L.A.'s Urban Farming Ordinances Lack Cohesion

A new guide tries to make sense of city ordinances so more can build chicken coops in Hollywood and grow veggies in Pasadena.

Urban Farming Sites in L.A. County

As part of their assessment, students mapped all the community gardens, nurseries, school gardens, and farms in Los Angeles, revealing denser cities are more likely to have higher concentrations of formal urban agriculture sites.

Source: Cultivate L.A.

Students from the University of California–Los Angeles (UCLA), have mapped the location of more than 1,200 formal urban agriculture sites and deciphered ordinances and regulations from L.A.’s 88 cities, hoping to foster the burgeoning urban agriculture movement in their county. Their assessment—available on the website Cultivate L.A.—is the first tool of its kind, showing whether chickens are allowed in Hollywood or goats in Beverly Hills.

Researchers found 87% of L.A.’s cities regulate animal farming, and only 25% regulate fruits, vegetables, and other flora, but lack of regulation wasn’t the only problem, according to the report: varying terminology or conflicts with zoning regulations often make ordinances hard to interpret. The researchers developed a regulation reference chart summarizing permitted and prohibited uses in each city and recommend that policymakers adopt universal definitions and take a cohesive stance on agricultural policy for further clarity.
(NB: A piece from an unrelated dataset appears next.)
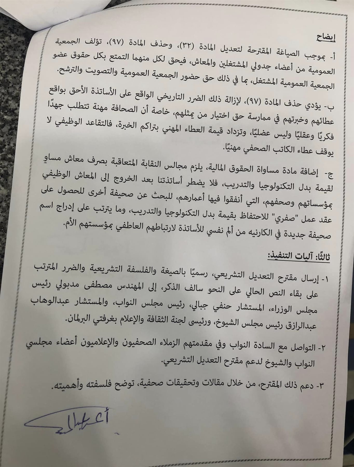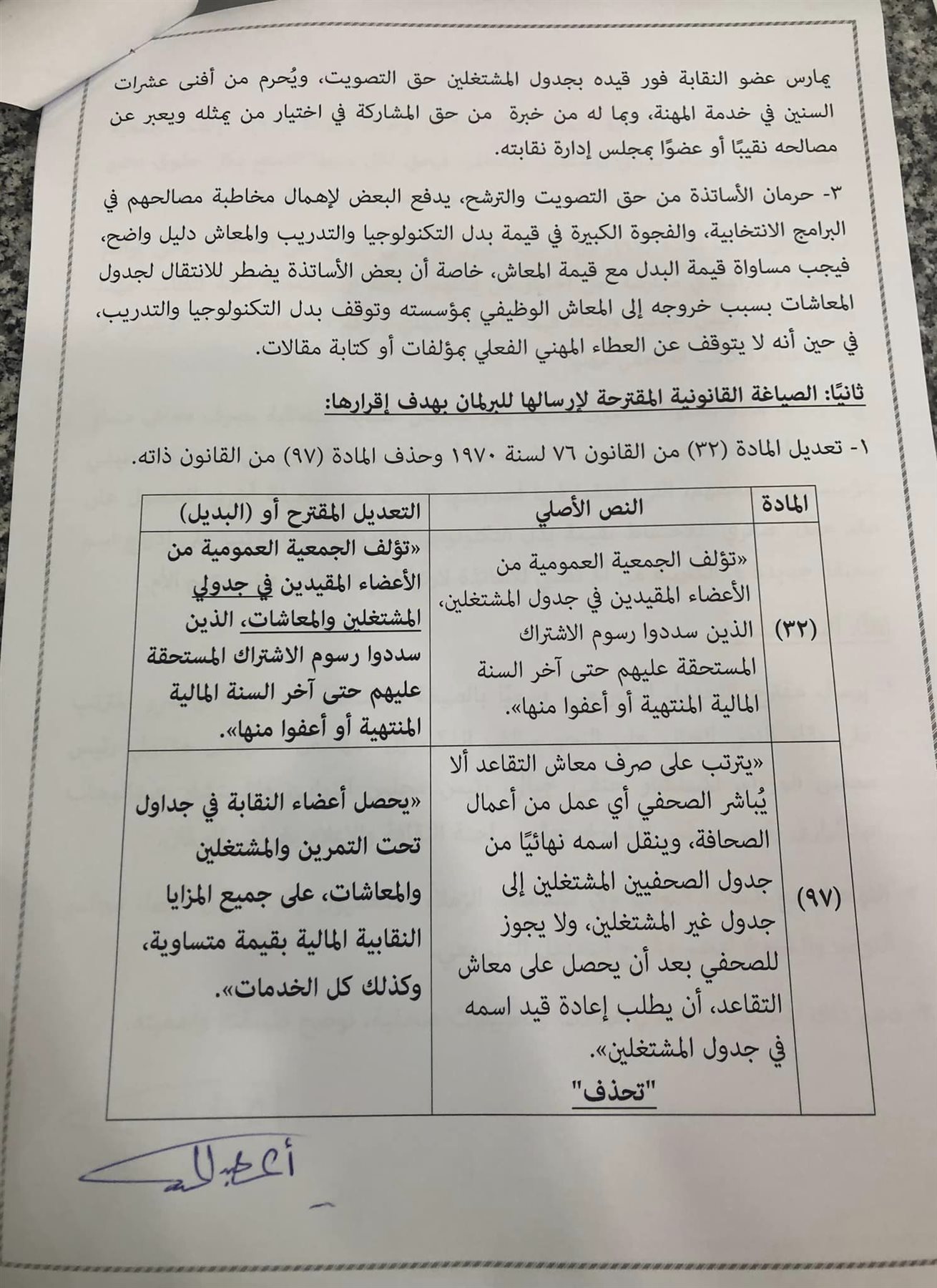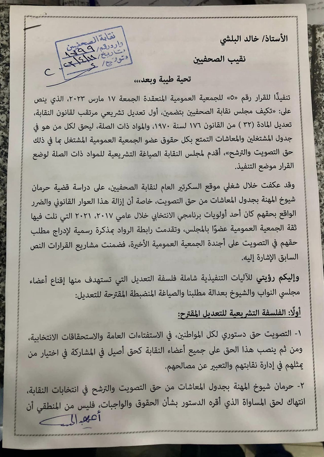 وأضاف رئيس لجنة المعاشات خلال النص المقترح المقدم كالتالي: تنفيذًا للقرار رقم «5» للجمعية العمومية المنعقدة الجمعة 17 مارس 2023، الذي ينص على: «تكيف مجلس نقابة الصحفيين بتضمين، أول تعديل تشريعي مرتقب لقانون النقابة، تعديل المادة (32 )من القانون 176 لسنة 1970، والمواد ذات الصلة، ليحق لكل من هو في جدول المشتغلين والمعاشات التمتع بكل حقوق عضو الجمعية العمومية المشتغل بما في ذلك حق التصويت والترشح»، أقدم لمجلس النقابة الصياغة التشريعية للمواد ذات الصلة لوضع القرار موضع التنفيذ.

The assessment also includes a comprehensive map of the county’s formal urban agriculture sites. School gardens make up the majority of L.A. County’s urban agriculture activity, numbering 761 sites, while community gardens top 100. The inventory has already attracted advocates like the Los Angeles Food Policy Council, which aims to create a more seamless infrastructure and support system for urban agriculture, and the UCLA Cooperative Extension, which hopes to develop more targeted education programs.

“Much of the existing discussion and promotion of urban agriculture has focused on the qualitative benefits and ambitions of the movement,” said Carol Goldstein, a lecturer in urban planning at UCLA. This study offers quantitative data that could guide urban agriculture efforts across the country.